= Arthur Abney Walker =

British botanist

Arthur Abney Walker FRSE (1820–1894) was a 19th-century British botanist.

==Life==
He was born in Yorkshire in April 1820 the second son of Elizabeth Abney and her husband, Henry Walker (1785–1860) of Blyth Hall and Clifton House, Rotherham. The Walker Brothers were prominent ironfounders, their notable works including Southwark Bridge in London. Their predecessors had specialised in cannons and supplied most of the cannon to the Royal Navy from the late 18th-century, including 80 of the 105 cannon on HMS Victory (the others being from the Carron Ironworks).

He studied medicine at the University of Edinburgh, graduating M.D. in 1857 with the thesis "On the comparative anatomy of the organ of hearing in man & in the lower animals".

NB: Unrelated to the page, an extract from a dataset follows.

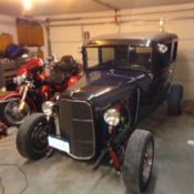 | I have a beautiful 1928 Model A Tudor for sale. I got this amazing car two years ago and have gone through and made it even better. The transmission was rebuilt last year by local hot rod shop. Interior was also new last year. From front to back:Speedway drop leaf front endDisc brakesAluminum radiator High flow cooling fan Chrome radiator overflow tankTwin vintage air hornsChrome bullet style headlights430 Buick MotorFresh rebuild of TH350 transmissionAll steal body chopped and channeledChrome side view mirrorsPlexiglas front windshieldReal rear tempered glass with tint on both rear windows. Vinyl top in excellent shapeVintage style rear view mirrorTwin psi gauge panel with switch's for rear airbags5 Switch with fuse and light panel to control-compressor for air tank-under chassis lights (white)-police red and blue lights (mounted inside back)-psi gauge lights-extra Car cover includedKeyed ignitionHas chrome inside door handles as well as front window regulators installed (no glass on front doors)Very nice black Fold down seatsGas tank mounted inside rear with VIAIR tank and compressorRed top optima batteryAll wiring loomed and tucked Coker classics tires L7815 Rear G7815 FrontClassic style rims painted red with white pinstripeRear air bags Balanced heavy duty drive-shaft with new u-jointsOriginal outside door handles and brake lightNo baffles installed but I do have them if you want to quiet her down. Very reliable fun Rod Don't hesitate to call with any questions. Thanks for lookingMo 720-891-5995 |

There is mention of his being a surgeon, but does not appear to have ever practised, and is referred to in directories as a "gentleman", implying that he lived off independent means.

In 1861 he was living in Edinburgh with his young family. They lived at 32 Melville Street: a large mid-terraced Victorian townhouse in Edinburgh's fashionable West End.

In 1864 he was elected a Fellow of the Royal Society of Edinburgh his proposer being John Hutton Balfour. In 1866 he is also listed as a Member of the Edinburgh Botanical Society alongside Robert Hutchison of Carlowrie and Stevenson Macadam.

In the 1870s he moved from Clifton House in Rotherham.

He retired to Beech Lodge in Wimbledon Common and died there in 1894.

==Family==
He was married at least twice, his second wife being Isabella Robertson, daughter of John Robertson of Edinburgh. They were parents to the sculptor Dame Ethel Walker (1861–1951).

His sons included Arthur Edward Walker (born 1851), Frederick John Walker (born 1853), Ernest Abney Walker (born 1854) and Col Henry Walker.